The plot revolves around the Three Laws of Robotics:
1. A robot may not injure a human being or, through inaction, allow a human being to come to harm.
2. A robot must obey the orders given it [sic] by human beings except where such orders would conflict with the First Law.
3. A robot must protect its own existence as long as such protection does not conflict with the First or Second Laws. (Note: This is an exact transcription of the laws.
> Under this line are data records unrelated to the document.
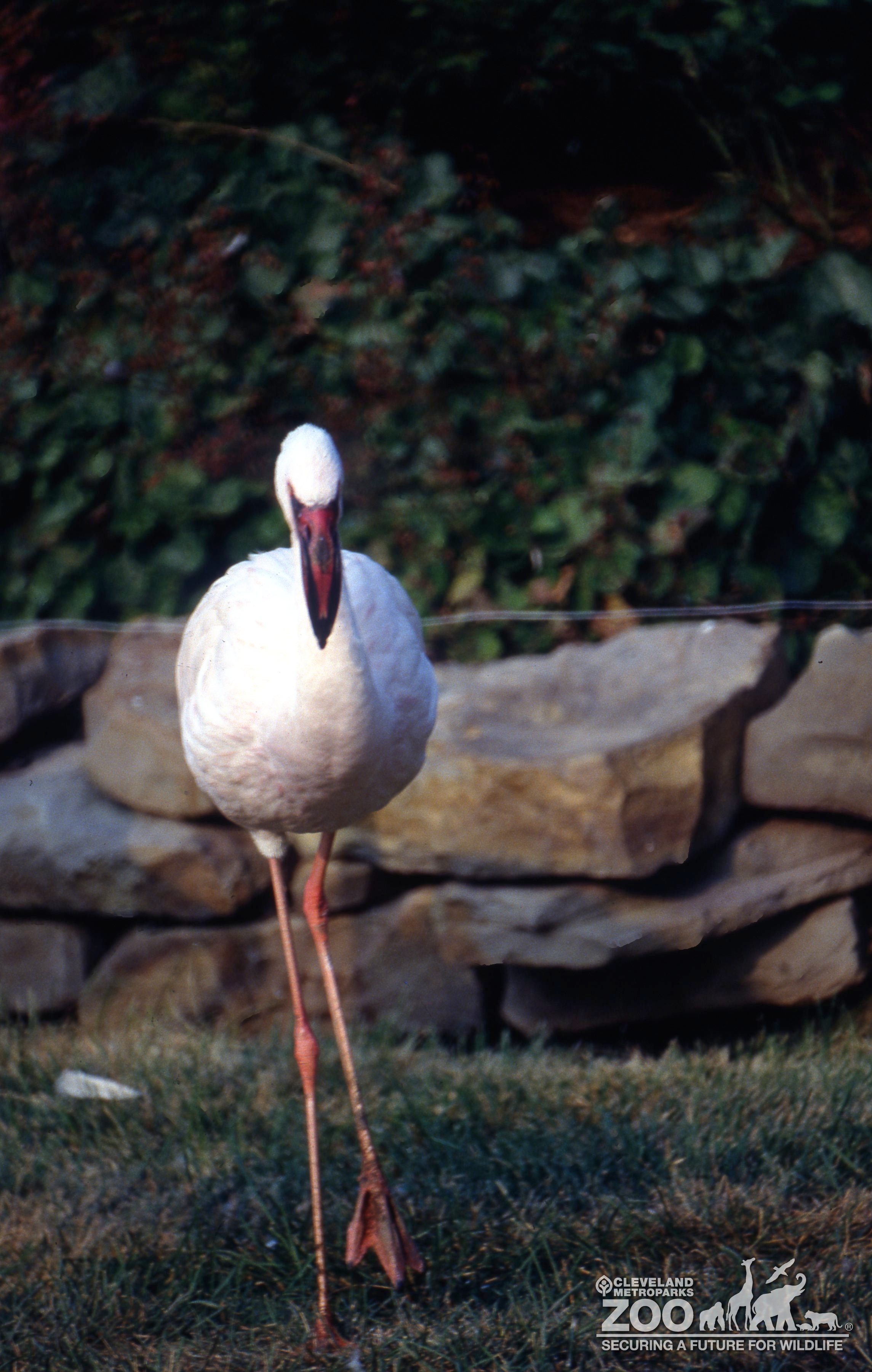 Lesser flamingo in shades of white facing forward in habitat with left pink and orange leg lifted forward in walking motion. Beak pointing down has shades of orange and black.
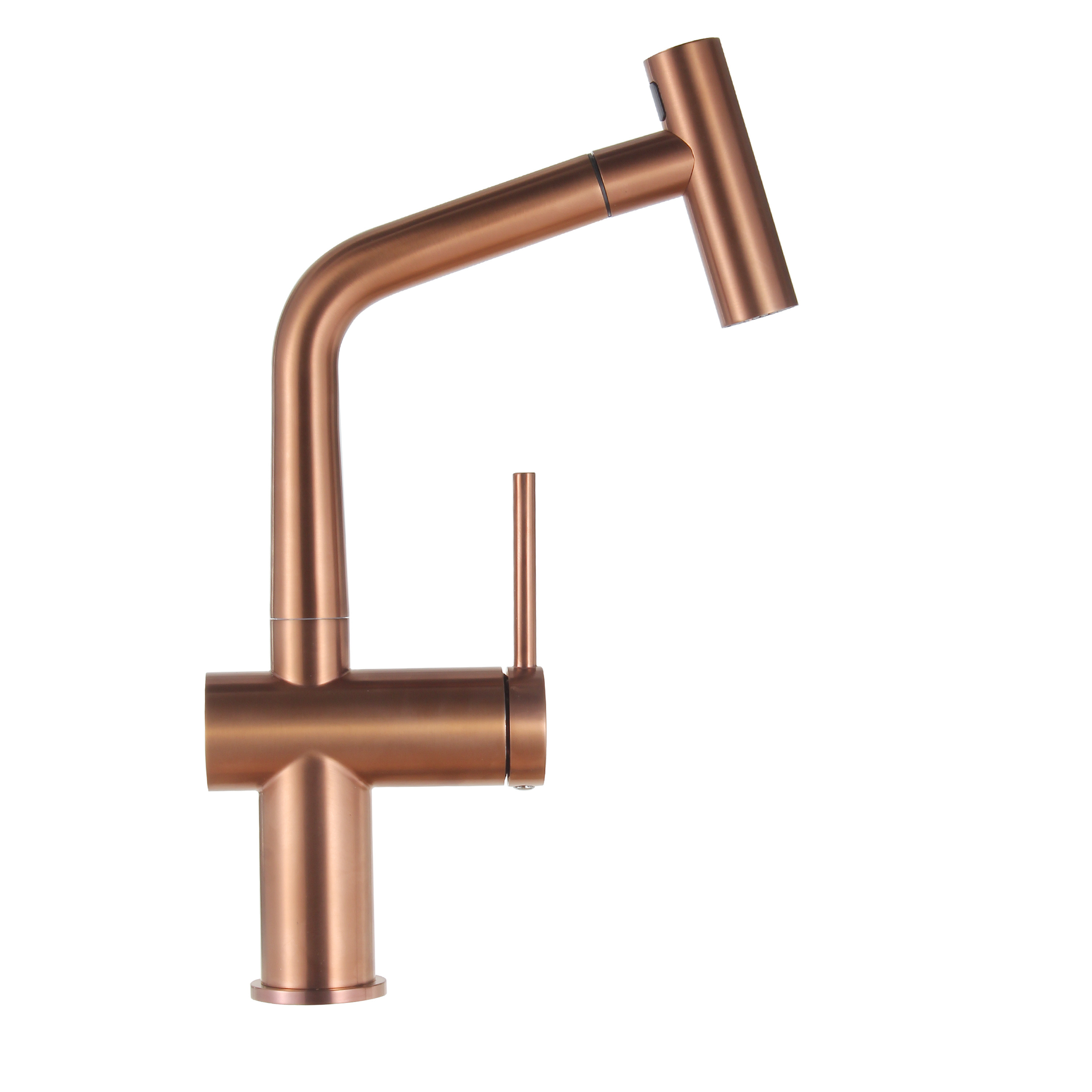 - Ceramia Timeless mitigeur d'évier à levier en acier inoxydable avec douchette extractible, monotrou, or brossé (TMLKF185BG)
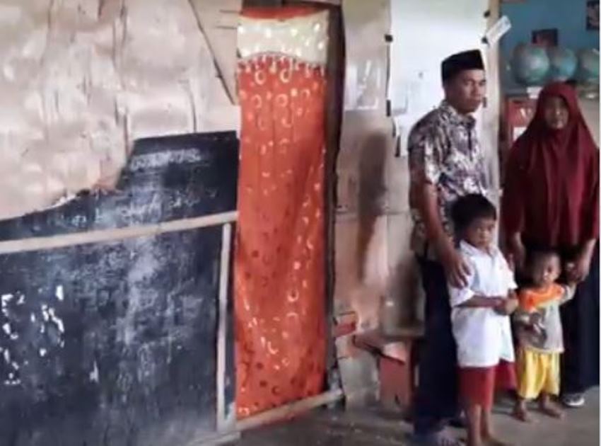Kondisi yang memprihatinkan itu pun memaksa ia beserta keluarganya terpaksa harus tinggal di ruang guru yang disekat dengan tripleks.
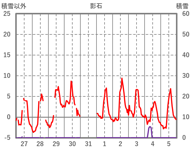 | 日 | 時 | 気温 | 降水 | 風向/風速 | 日照 | 積雪 | 降雪 |
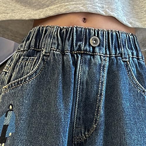 Girls Plus Size Jeans Cute Back to School Clothes Teen Girls Baggy Embroidery Graphic Trousers High Waist Denim Pants 6
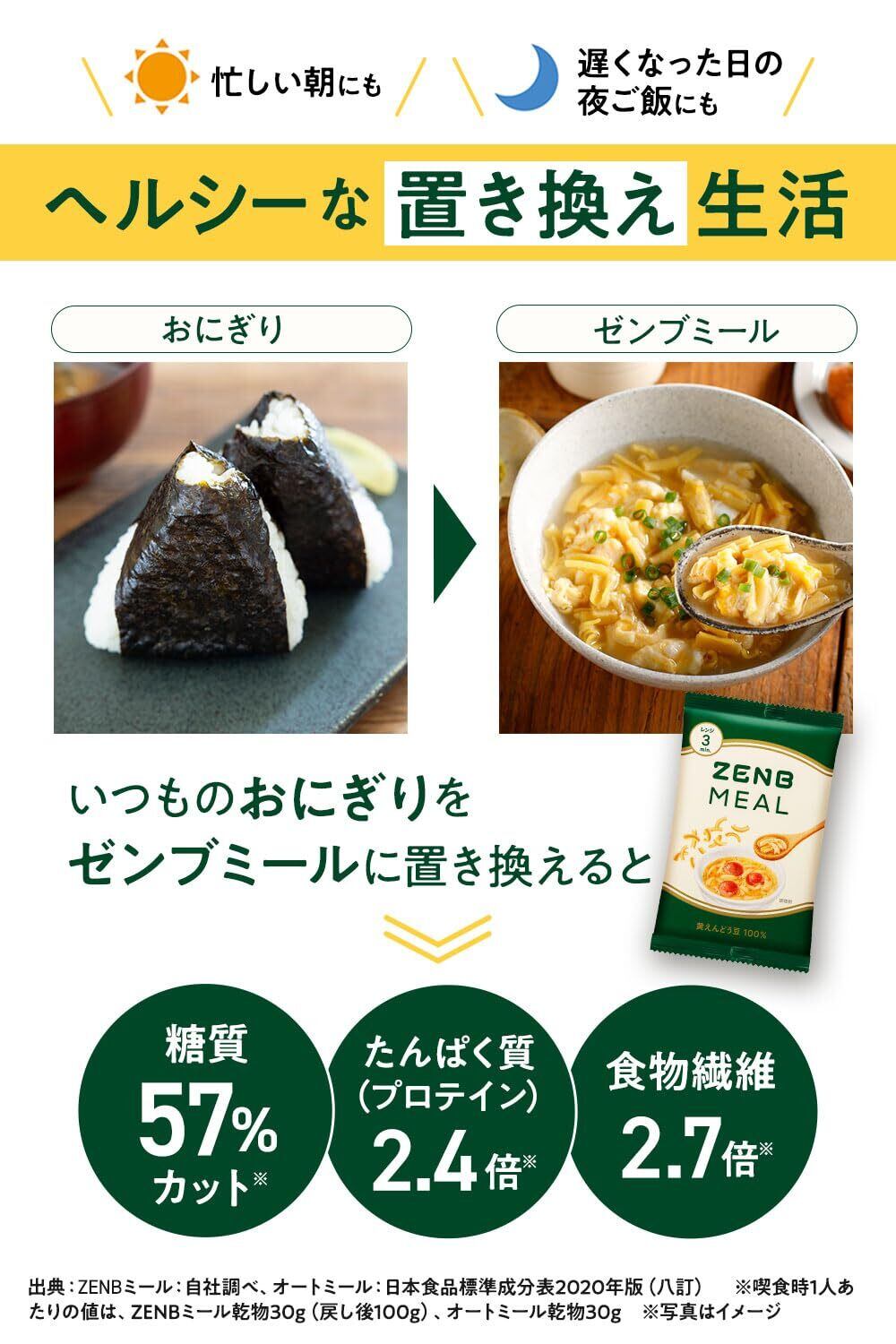 累計販売食数1800万食を突破した「 ZENBヌードル ( ゼンブヌードル )」と同じ、スーパーフード黄えんどう豆を使った、豆100%オートミール*1「ゼンブミール」。ゼンブミールは話題のオートミールよりも、たんぱく質1.4倍*2、食物繊維1.4倍*2、ビタミンB1 3.4倍*2、脂質61%OFF*2。いろいろな栄養がとれるのに、1食99kal。オートミールのようにお米代わりやスープに入れて食べるだけなので簡単。(*1:オーツ麦は使っていません。*2参照:日本食品標準成分表2020年版(八訂)喫食時1人前当たりの値は、ZENBミール乾物30g(戻し後100g)、オートミール乾物30g)

They also appear in the front of the book, and in both places there is no "to" in the Second Law.)
The robot finds it impossible to obey both the Second Law and the Third Law at the same time, and this freezes it in a loop of repetitive behavior.

== Plot summary==
In 2015, Powell, Donovan and Robot SPD-13, also known as "Speedy", are sent to Mercury to restart operations at a mining station which was abandoned ten years before.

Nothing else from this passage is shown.